Edited to include more details.

Let $K$ be a field whose characteristic is prime to the order of $G$. The algebra $K[G]$ is a product of matrix algebras over division rings. Given any absolutely irreducible character $\chi$ with coefficients in $L/K$, the question of whether $\chi$ may be realized over $L$ is equivalent to whether the corresponding division algebra $D/K$ splits over $L$.

Suppose that $K = k$ is a finite field. Then, by Weddeburn's theorem, there are no non-trivial division algebras and irreducible characters with values in $k$ have models over $k$.

Suppose that $K$ is a number field. For all but finitely many places $v$ of $K$, $D \otimes_K K_v$ is a matrix algebra. So, at least away from finitely many places, irreducible characters with values in $K$ have models over $K_v$.

Example: Let $G = Q_8$ be the quaternion group, and let $\chi$ denote the absolutely irreducible faithful character of degree $2$. Then $\chi$ is valued in $\Q$. However, the corresponding quaternion algebra $D$ is ramified at $2$ and $\infty$. Hence $G$ does not have a faithful representation over either $\mathbf{R}$ nor $\mathbf{Q}_2$, but it does for $\Q_p$ and all odd primes $p$, because $D \otimes \Q_p = M_2(\Q_p)$ in those cases.

In the example above, we see that the obstruction arises for finite places only at the prime $2$ which divides $|G|$. Let us show that there is no obstruction for any $v$ such that the residue characteristic is finite and prime to $|G|$. In such cases, there is a bijection between absolutely irreducible characters in characteristics zero and $p$ given by reduction modulo $p$. Let $\chi$ be an irreducible character with values in a local field $E$. It preserves a lattice $\mathcal{O}$, and gives rise to an irreducible character over the finite field $k$, which has a model over $k$ by the remarks above. Hence (because the characters are in bijection) it suffices to prove the following: any representation: $$G \rightarrow \GL_n(k)$$ with image $H$ admits a lift to $\GL_n(W(k))$, since $W(k)[1/p]$ will be necessarily be a subfield of $E$. (Not surprisingly, we see that all representations have models over unramified extensions when $p \nmid |G|$, since the characters are all valued in $\Q(\zeta_{m})$ where $m$ is the exponent of $G$.) There is a projection $\GL_n(W(k)) \rightarrow \GL_n(k)$; let $\Gamma$ denote the inverse image of $H$. Since $H$ has order prime to $p$ and the kernel of $\Gamma \rightarrow H$ is pro-$p$, by Schur-Zassenhaus there is a splitting $H \rightarrow \Gamma$ which gives the required lift.
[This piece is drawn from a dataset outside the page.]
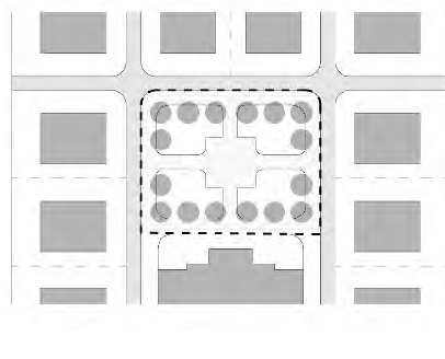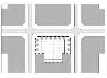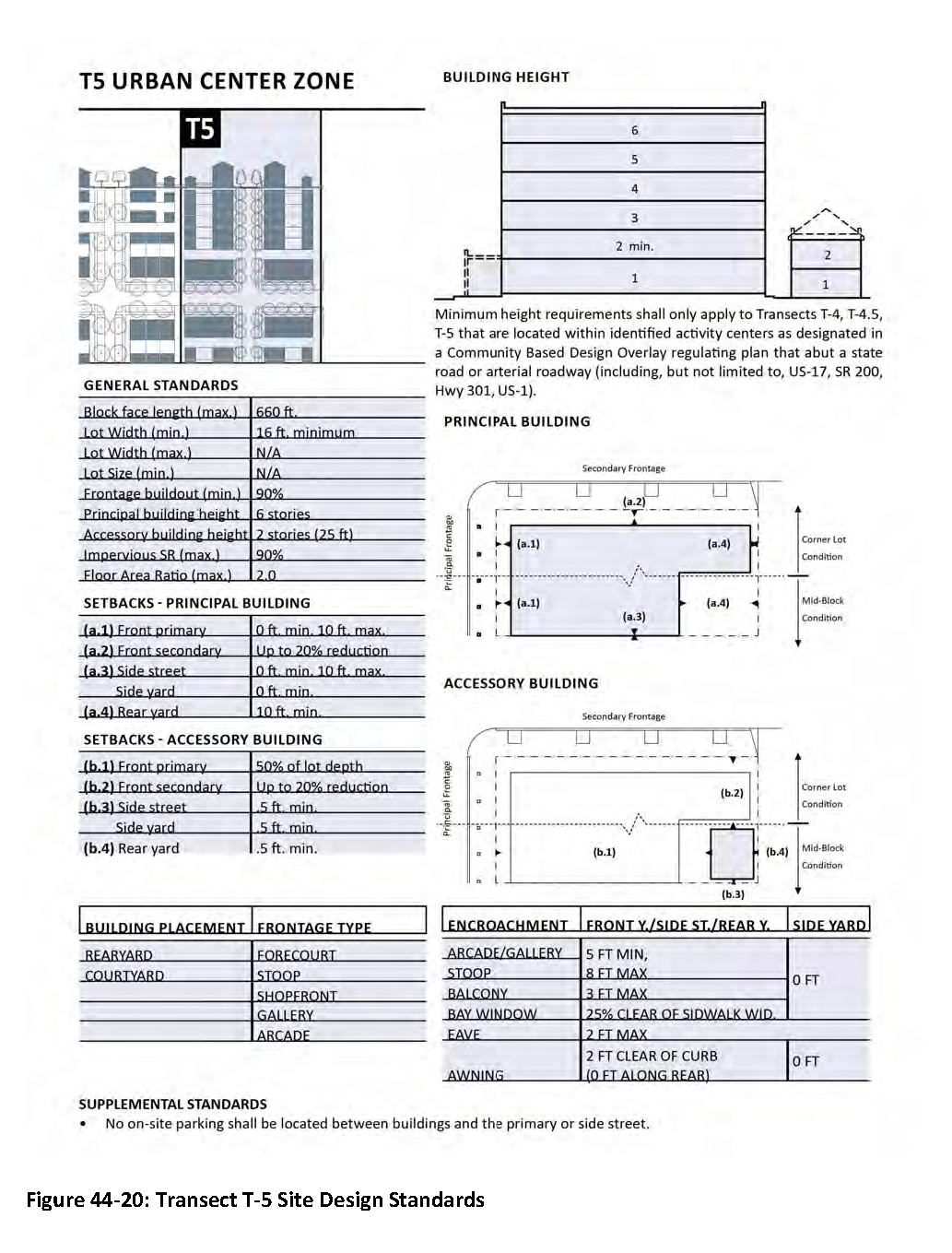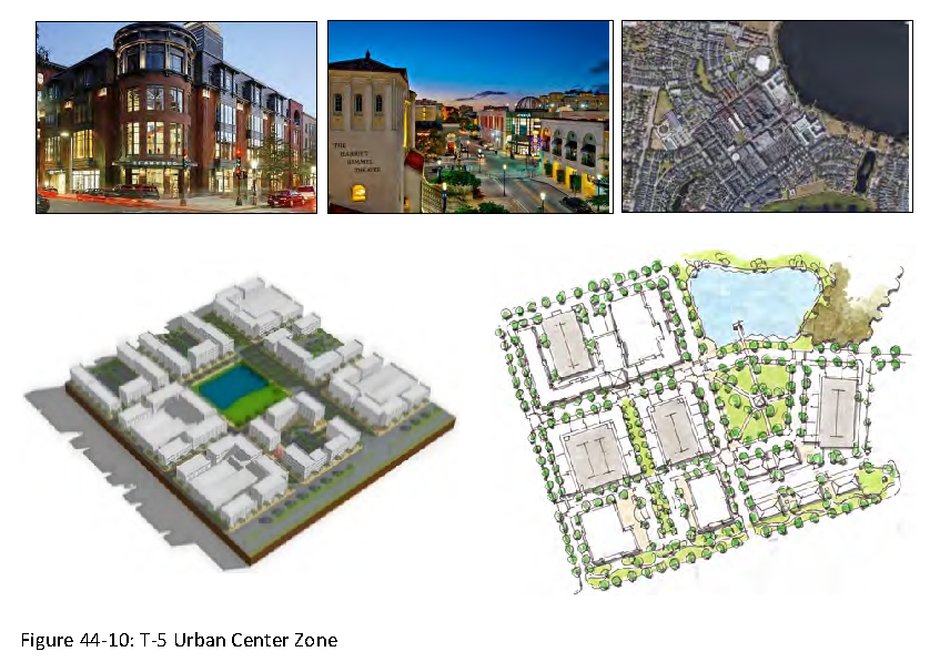 T-5 Urban Center Zone. This transect consists of higher-density, mixed-use buildings that accommodate retail, office, civic, and residential uses. It has a tight network of streets with wide sidewalks, interval street tree planting and buildings placed close to the sidewalks. It has shallow to no setbacks and building heights can reach up to six (6) stories. The residential density range is ten (10) to twenty-five (25) dwelling units per acre. The first floor of all buildings engages the public realm, primarily with the use of storefront windows.

Suppose now that $\eta$ is a general (genuine) character of $G$ over a local field $K/\Q_p$ with values generate the field $L/K$, and suppose that $p$ does not divide $|G|$. We prove that $\eta$ has a model over $L$. As noted above, $L/K$ is unramified, so in particular is Galois and $\Gal(L/K)$ is cyclic. The result is true for irreducible characters from the discussion above. Suppose that $\chi$ is an irreducible constituent of $\eta$. Since $\Gal(L/K)$ fixes $\eta$, it follows that the $[L:K]$ distinct characters $\sigma \chi$ occur inside $\eta$. Hence

$$\eta = \phi + \sum_{\Gal(L/K)} \sigma \chi,$$ where $\eta$ is a genuine character of lower dimension. Hence it suffices to note that $$\bigoplus \sigma \chi$$ is defined over $K$, because if $V/L$ is a realization of $\chi$, then the above is $\mathrm{Res}_{L/K}(V)$, where $L/K$ is thought of as a $[L:K]$-dimensional vector space in the usual way. The result follows by induction.
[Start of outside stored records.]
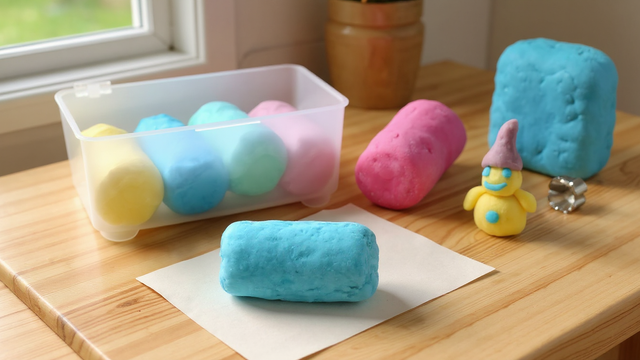 Votre pâte à modeler se conserve au frais dans une boite hermétique pendant plusieurs semaines.
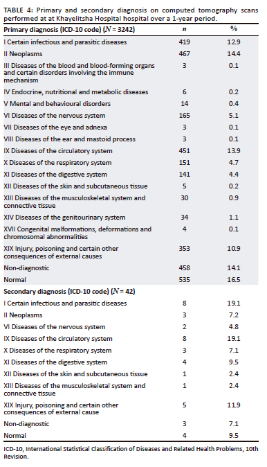 In August 2018, Khayelitsha Hospital became one of the first district-level hospitals in the Western Cape province to have an on-site CT scanner,10 which runs emergency and elective scans during working hours. The utility of a CT scanner at a district-level healthcare facility should theoretically be huge with many potential benefits, but there is limited data available to support this. This study describes the type, clinical indications and diagnostic yield of CT scans performed at a district-level hospital in Cape Town over a 1-year period. In addition, the prevalence of significant abnormal findings and the congruency between the initial clinical impression and the radiological diagnosis on CT were determined.
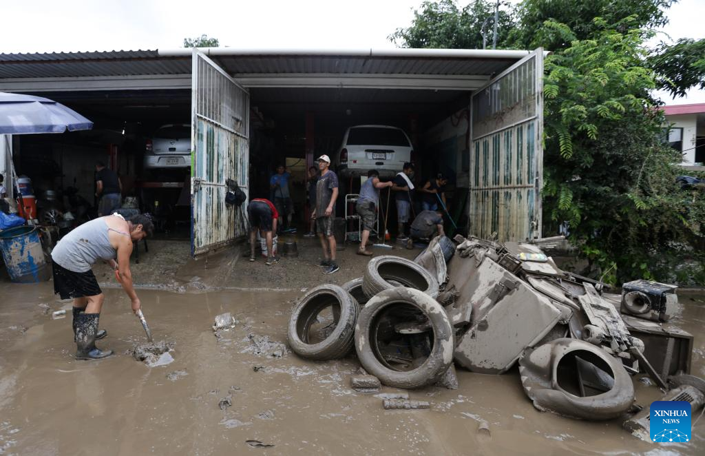 People clean silt at a house in the city of Poza Rica, Veracruz state, Mexico, on Oct. 11, 2025. At least 41 people have been killed as torrential rains and landslides battered Mexico in recent days. (Photo by Francisco Canedo/Xinhua)

Example: Suppose that $p \equiv -1 \mod 4$, and let $\chi$ be a faithful character of $\mathbf{Z}/4\mathbf{Z}$. Then $K = \Q_p(\chi)$ is unramified over $\Q_p$ of degree $2$, and the representation $\chi + \sigma \chi$ is sends a generator to $i \in K$ thought of as a vector space over $\Q_p$. If one chooses the basis $\{1,i\}$ of $K/\Q_p$, this is just the matrix: $$\left( \begin{matrix} 0 & 1 \\\ -1 & 0 \end{matrix} \right).$$

Conclusion: Hence, at least for primes $p$ not dividing $|G|$, there is an injection from $G$ to $\GL_n(\Q_p)$ if and only if there is a faithful character $\eta$ with values in a field $K$ which has a prime of norm $p$. Since $K$ will be abelian and ramified only at primes dividing $|G|$, this is equivalent to asking that $K$ split completly at $p$. So the set $S(G)$ (up to primes dividing $|G|$) is the union of primes which split completely in some finite number of fields determined by the faithful characters of degree $n$. If one restricts to a fixed character $\eta$, then $S_{\eta}(G)$ is indeed Galoisian.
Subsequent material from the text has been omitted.